__Work instruction__.
Find the line below with "Suasana Jumat Taqwa" and the line with "秋冬暖かい防寒手袋女性イン韓". Output them and the lines between, exactly, but not the pictures.

__Exercise material__.

•••

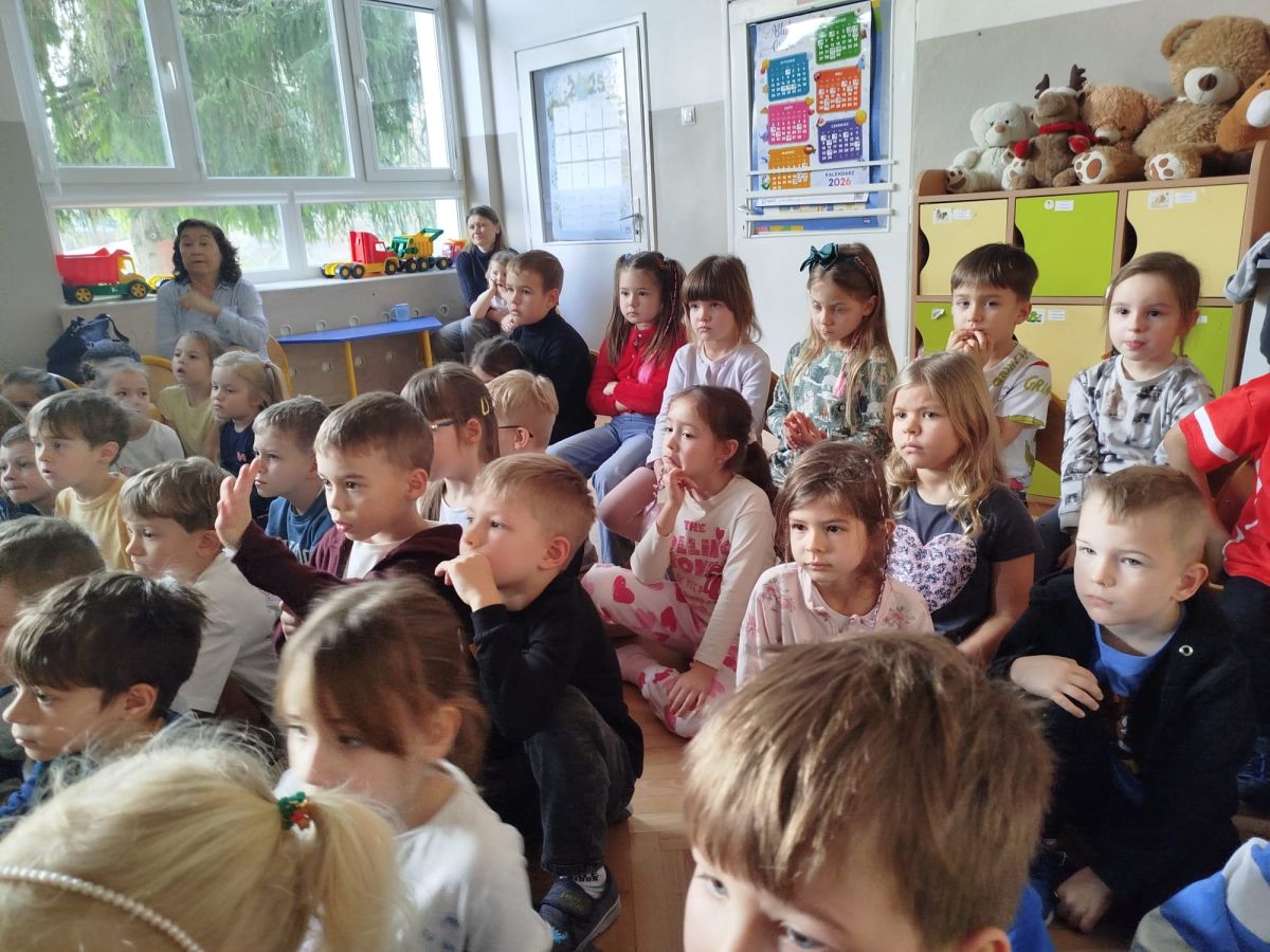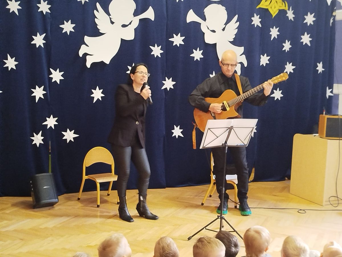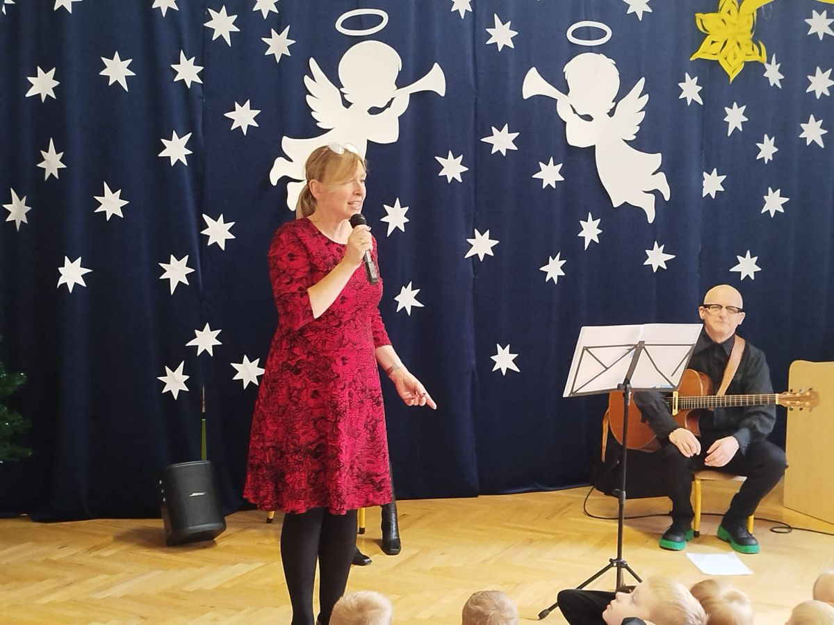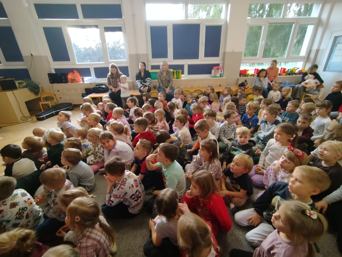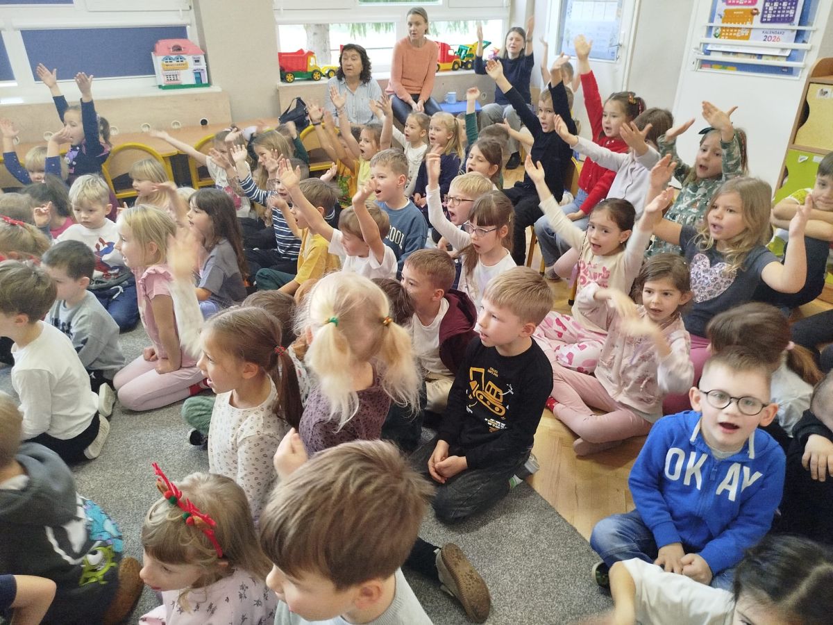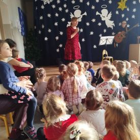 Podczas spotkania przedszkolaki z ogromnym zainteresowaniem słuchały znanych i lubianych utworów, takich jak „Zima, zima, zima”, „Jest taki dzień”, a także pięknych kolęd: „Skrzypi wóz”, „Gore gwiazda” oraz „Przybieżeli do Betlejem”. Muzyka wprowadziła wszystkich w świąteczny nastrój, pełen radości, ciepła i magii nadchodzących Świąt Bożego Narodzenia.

•••

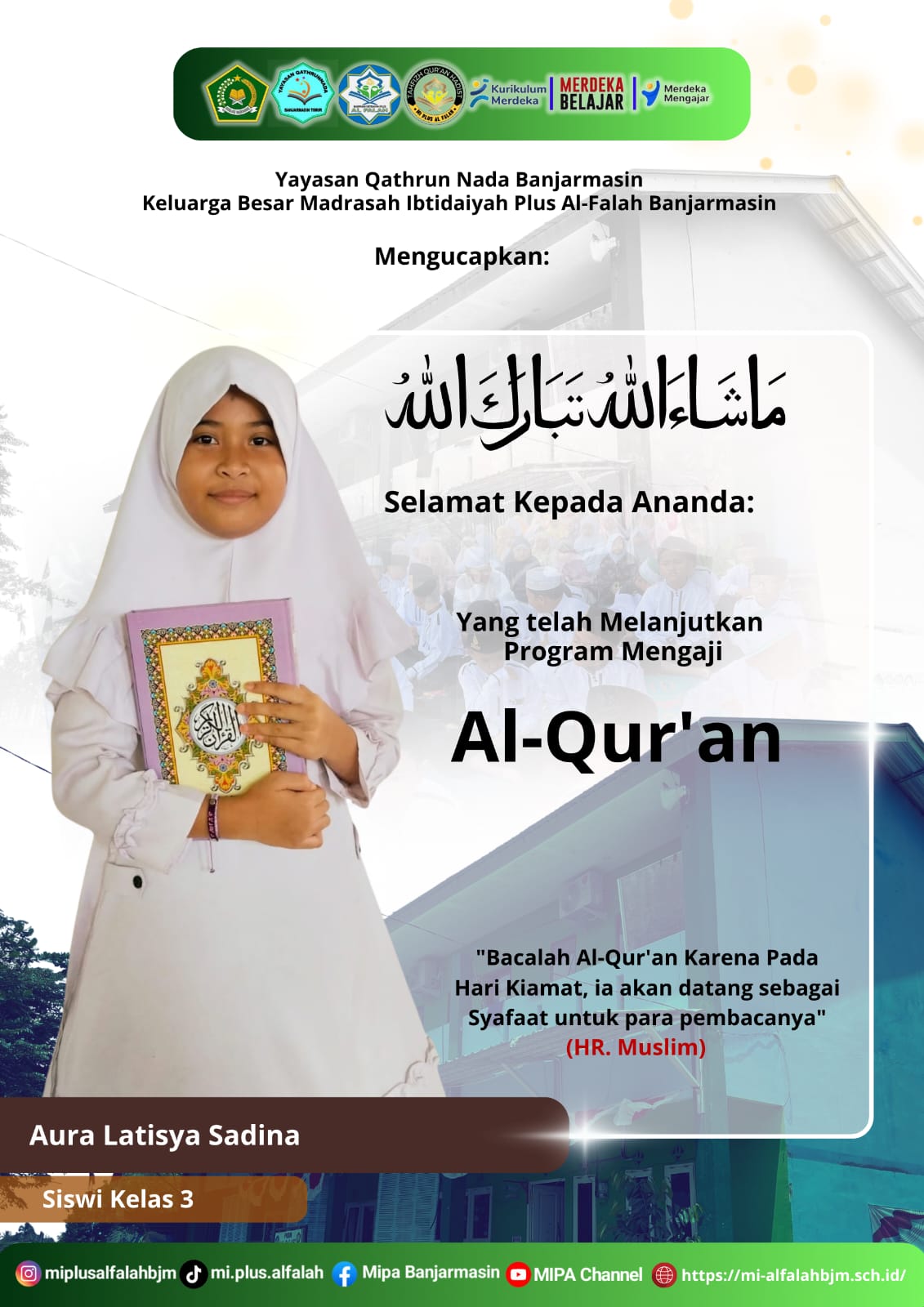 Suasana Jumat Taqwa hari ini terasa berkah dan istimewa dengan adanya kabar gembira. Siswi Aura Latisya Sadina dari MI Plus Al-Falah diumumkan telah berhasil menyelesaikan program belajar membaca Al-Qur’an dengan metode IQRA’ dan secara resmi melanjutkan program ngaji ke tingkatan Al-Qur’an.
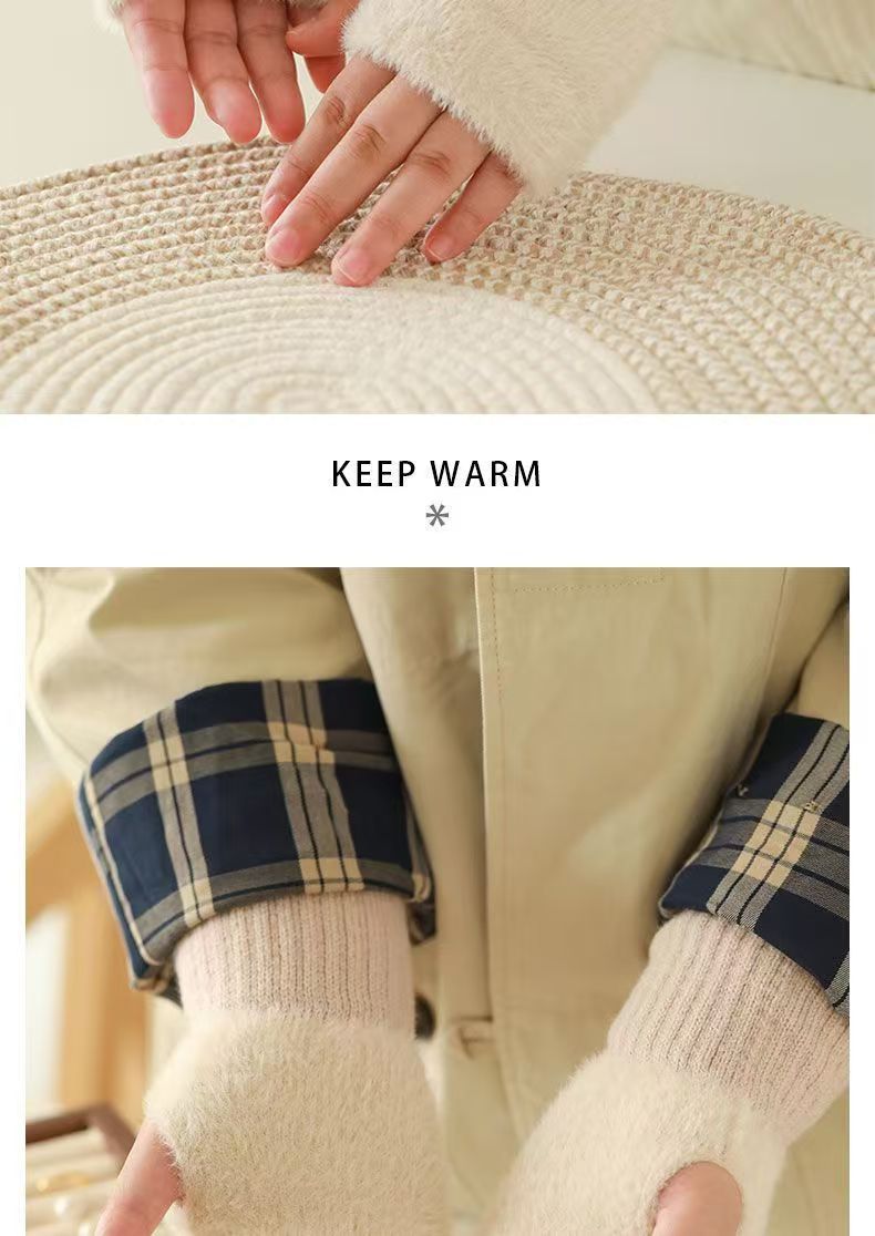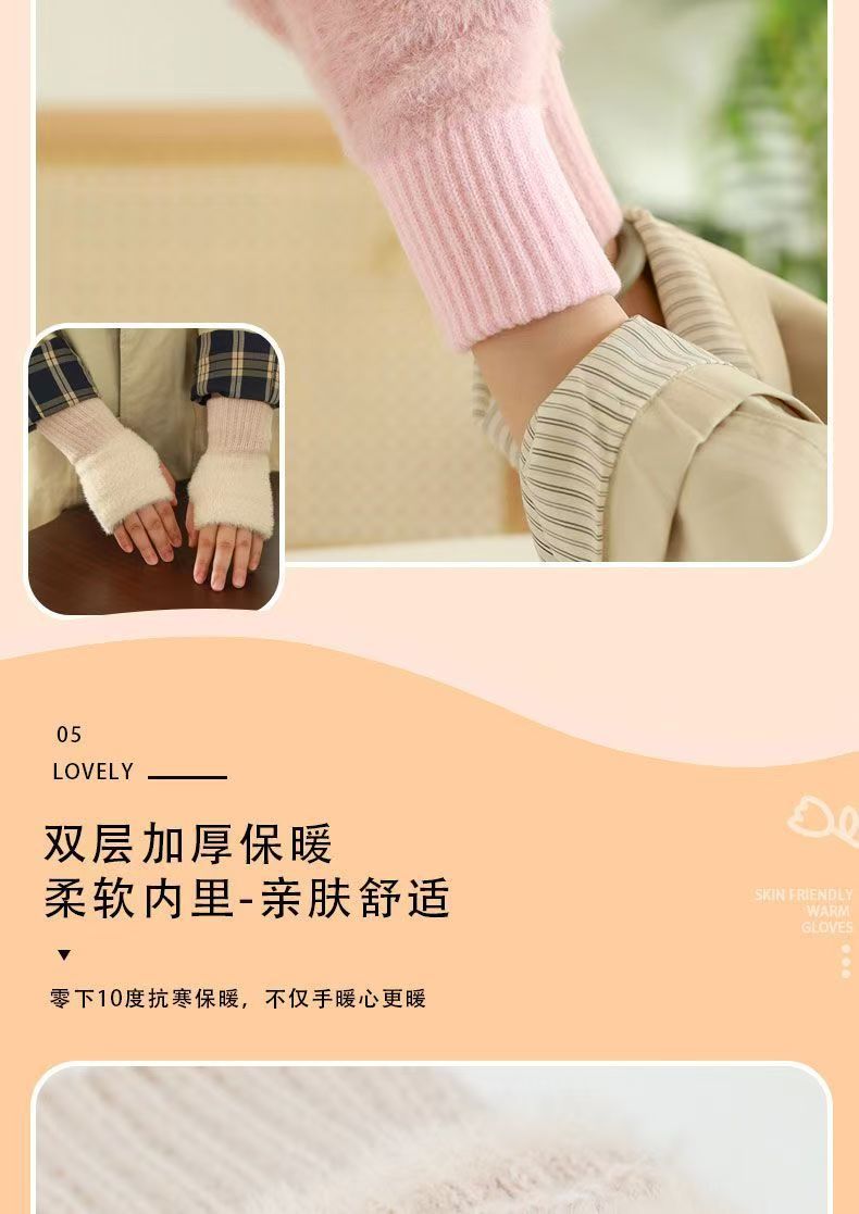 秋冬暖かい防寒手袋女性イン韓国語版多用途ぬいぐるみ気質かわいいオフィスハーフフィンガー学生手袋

•••

__Response__.
 Suasana Jumat Taqwa hari ini terasa berkah dan istimewa dengan adanya kabar gembira. Siswi Aura Latisya Sadina dari MI Plus Al-Falah diumumkan telah berhasil menyelesaikan program belajar membaca Al-Qur’an dengan metode IQRA’ dan secara resmi melanjutkan program ngaji ke tingkatan Al-Qur’an.
 秋冬暖かい防寒手袋女性イン韓国語版多用途ぬいぐるみ気質かわいいオフィスハーフフィンガー学生手袋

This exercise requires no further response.